How going to a Joburg market finally convinced me to get a new phone

Monday, May 18, 2015



Ugh, I need a new phone. I have finally made peace with this very uneasy truth. I have never had the opportunity to actually upgrade from one phone to the other, as I have always left my cellphone in a shop somewhere, had it stolen out of a handbag in a club or just generally misplaced it and never found it ever again. So I am one of those fortunate people who have always been forced to get a new phone, whether I was buying a cellphone or just quickly doing a simswop for a family member's old phone.

Now, I am in the position where I am forced to get a new one because my old iPhone 4S sucks, big time and it is time for un upgrade anyway.

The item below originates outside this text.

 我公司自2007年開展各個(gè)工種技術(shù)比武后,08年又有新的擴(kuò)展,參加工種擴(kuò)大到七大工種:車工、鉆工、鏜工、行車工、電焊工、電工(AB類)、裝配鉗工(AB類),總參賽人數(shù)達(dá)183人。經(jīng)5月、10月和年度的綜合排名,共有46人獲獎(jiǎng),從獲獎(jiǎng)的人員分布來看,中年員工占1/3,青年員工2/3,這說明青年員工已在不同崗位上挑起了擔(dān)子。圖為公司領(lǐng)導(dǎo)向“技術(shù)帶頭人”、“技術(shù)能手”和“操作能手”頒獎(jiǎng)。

Not only is its screen smashed, the back of it is smashed too - I have replaced both so many times now that I don't even bother anymore, I know it will just be broken within the next hour or so. I am a serial cellphone dropper, notorious at that. It might be because I always want to carry everything in my hands, despite having a handbag JUST there.

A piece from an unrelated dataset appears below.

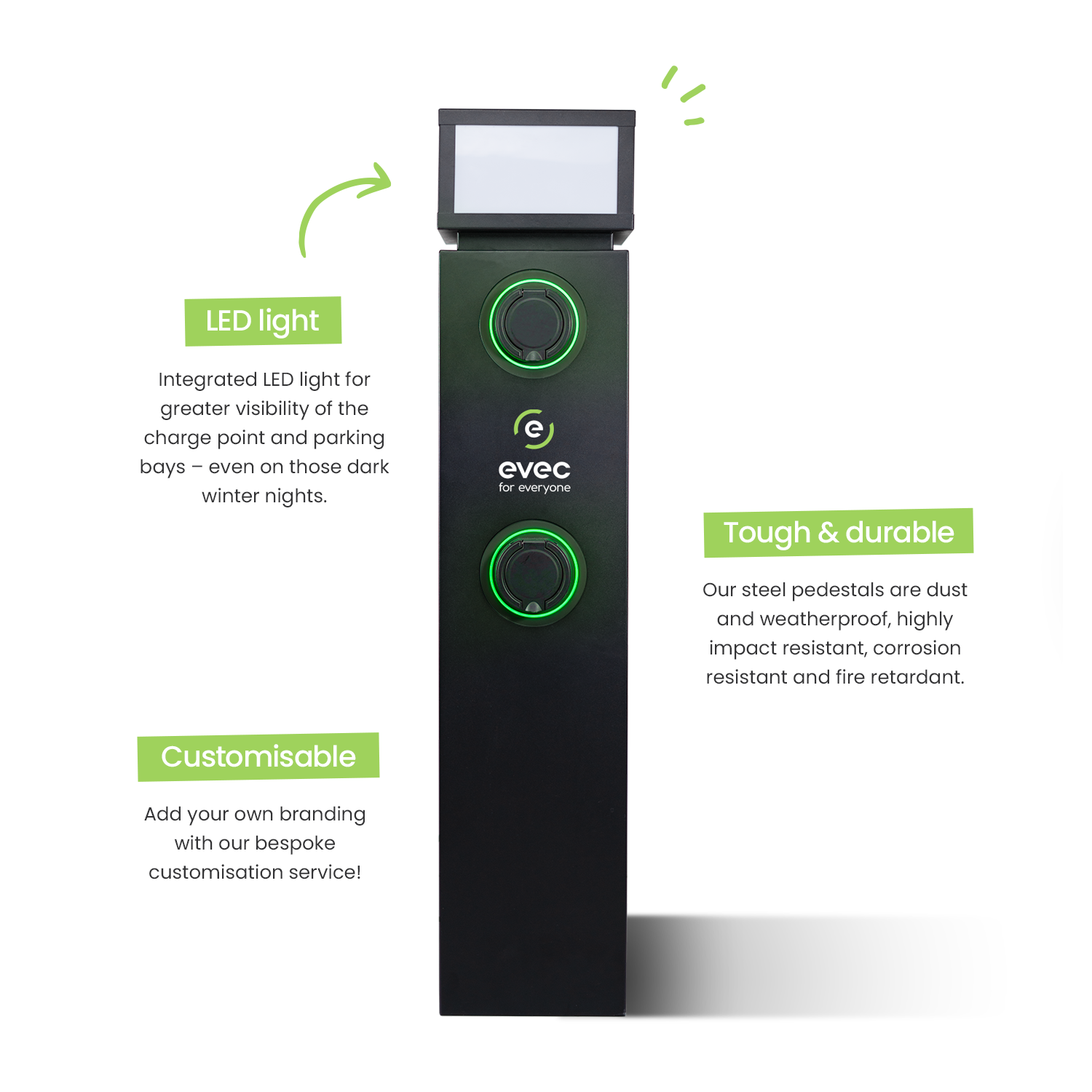 Alternately, the evec commercial floor-standing 22kWpedestal chargercould charge your Nissan Leaf in just 2 hours. The pedestal has an integrated LED to improve the visibility of the charge point and is also weatherproof, highly impact-resistant, corrosion-resistant, and fire retardant. With more businesses using these pedestals, EVs are becoming more accessible for everyone to enjoy.

The other reason I need a new phone is because this old rickety thing of mine takes KAK photos. I think all the times I've dropped it has messed with its head and no matter what I try, they all come out kak. Case in point, when my friend and I recently visited a few Joburg Markets around the city. Now, I know you might be thinking why I am using a phone to take blogpost pics and not a proper camera - truth is, I will remember everything there is to remember, but to charge the batteries on my camera? Fuggetaboutit. Where I put my four memory cards? No idea. So phones are just more reliable than I am.

Our first stop was The Sheds@1Fox , which is quite lekker on a Thursday, because it has bands going, good food, craft beer and none of the hipsters. I like hipsters though. But on Saturdays, I think it is still being overshadowed by Neighbourgoods.




Come on people, why is no one visiting 1Fox? Why trample each other to death at the other markets if you have so much more space here, but pretty much the same on offer? This problem needs to be fixed - like my phone.

Our second stop was - tuddumtish - Neighbourgoods. Whoa. Overcrowded markets probably brings out the introvert in errrbody. People watching is quite interesting, but while there I definitely thought that my tv and my couch was inching up on my priority list.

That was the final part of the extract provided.